For checking whether Spider-Man has a valid profile we can use the s/valid? function again. We use the following code to do just that:

    (let [spider-man-affiliations (:spider-man-spec.core/affiliations spider-man-profile)]
      (s/valid? :spider-man-spec.core/affiliations spider-man-affiliations))

The let form is new here, but what it essentially does is deconstructing the while spider-man-profile and associating its affiliations temporarily the spider-man-affiliations. This allows us to use a shorthand when calling functions, instead of writing out everything in a single line.

While this value is also valid according to the spec, as the spec and the value we are checking gets more complex, it could also be useful to gather the exact value that has passed the spec. In such cases we can use s/conform to gather these. The call:

(s/conform :spider-man-spec.core/affiliations spider-man-affiliations)

Returns the map:

#:spider-man-spec.core{:current-affiliations #{"Avengers"}, :former-affiliations #{"The Outlaws" "Secret Defenders" "New Fantastic Four"}}

Note that this is a namespaced map, which is a feature that allows us to refer to the keywords inside a map more efficiently, instead of writing them all out in each case.

The final aspect of each profile, the power grid, is also something that can be given a spec. Each of the powers can only take a whole number value from 1 until 7. We can specify this with the follow spec:

(s/def ::power-value (s/and pos-int? #(>= % 1) #(<= % 7)))

(s/def ::durability ::power-value )
(s/def ::energy ::power-value )
(s/def ::fighting ::power-value )
(s/def ::intelligence ::power-value )
(s/def ::speed ::power-value )
(s/def ::strength ::power-value )

Note that we use the function s/and to combine three specs: that the value should be a positive integer, greater than or equal to 1 and less or equal to 7. Such a combined spec can then be (re-)used like any other.

We can combine all the previous specs together to specify a profile:

(s/def ::profile (s/keys :req [::name ::real-name ::identity ::affiliations ::power-grid] ) )

For this spec, both Spider-Man and Vulture are valid profiles. However, this is a problem, as it does not allow us to differentiate between a hero and a villain. Of course we do not want to get Vulture get into the same places as Spider-Man can. We must fight him, much like Spider-Man, but in our own way: by creating a spec for which the Spider-Man profile is a valid value, but not that of Vulture.

Spider-Man vs Vulture © Marvel Entertainment

While we can make a separate requirement that only persons with the name "Spider-Man" can fulfill our new "hero-spec" this might be too restrictive.
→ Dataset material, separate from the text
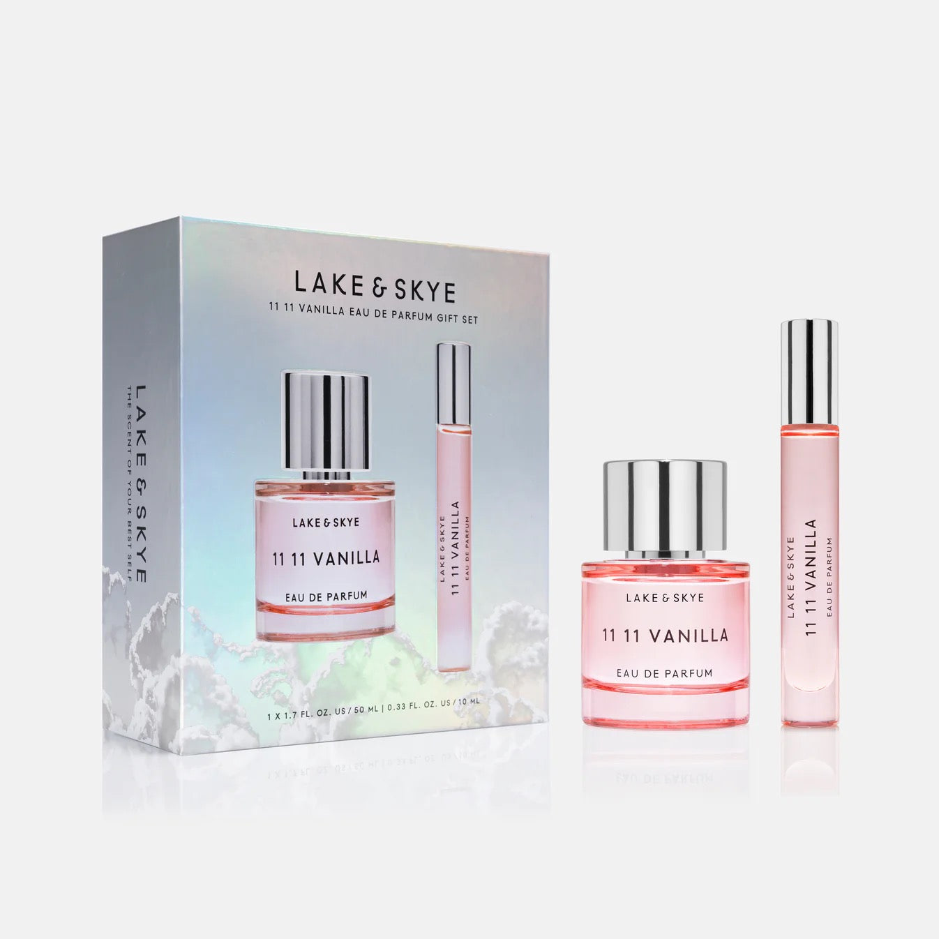 The Limited Edition 11 11 Vanilla Eau de ParfumDuo Gift Set includes: one full size 50mL 11 11 Vanilla Eau de Parfum and one 10mL travel size 11 11 Vanilla Eau de Parfum.

Instead we are going to spec an Avenger profile, so Spider-Man and all his friends can join in, while villains such as Vulture are kept out.

The requirement for an Avenger in our system, is that any-one with the current affiliation of "Avengers" is an avenger. We can describe this requirement as a spec, using a function defined for this:

(defn is-avenger? [profile]
  (contains? (::current-affiliations (::affiliations profile) ) "Avengers")
  )

(s/def ::avenger-profile (s/and ::profile is-avenger? ) )
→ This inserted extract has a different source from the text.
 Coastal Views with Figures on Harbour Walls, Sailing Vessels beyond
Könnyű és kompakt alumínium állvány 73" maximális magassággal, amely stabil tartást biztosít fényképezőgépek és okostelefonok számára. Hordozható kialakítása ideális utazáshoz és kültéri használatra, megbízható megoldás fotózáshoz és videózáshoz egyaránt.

Now we can check whether a profile is a valid Avenger, which will be true for Spider-Man but not for Vulture. Finally, we can get rid of this villain that showed up in our tutorial. In addition, this spec will also make sure that all current members of the Avengers be valid, so Spider-Man can fight freely alongside of them.
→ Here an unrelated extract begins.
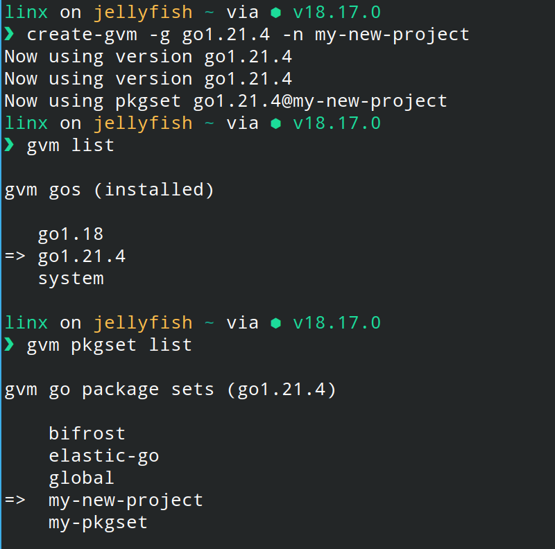 gvm use $goversion && gvm pkgset create $name && gvm use $goversion && gvm pkgset use $name

Our spec answers the question posed in this cover: Spider-Man is indeed an Avenger © Marvel Entertainment

So there we have it, a brief look at using the spec library to validate data. There are many things that I have not touched, such as the ability to generate values based on the Spec, other ways to compose a spec, etc.

Nonetheless I hope this article gives a solid introduction, and maybe an interest to using the spec library, even if one does not have a Clojure or even a heavy programming background. The source code snippets are available at: Spider-Man-Spec.

If you have a data validation problem, by all means take a swing at it with the Spec library. I am convinced that the results you will get will be nothing short of spectacular.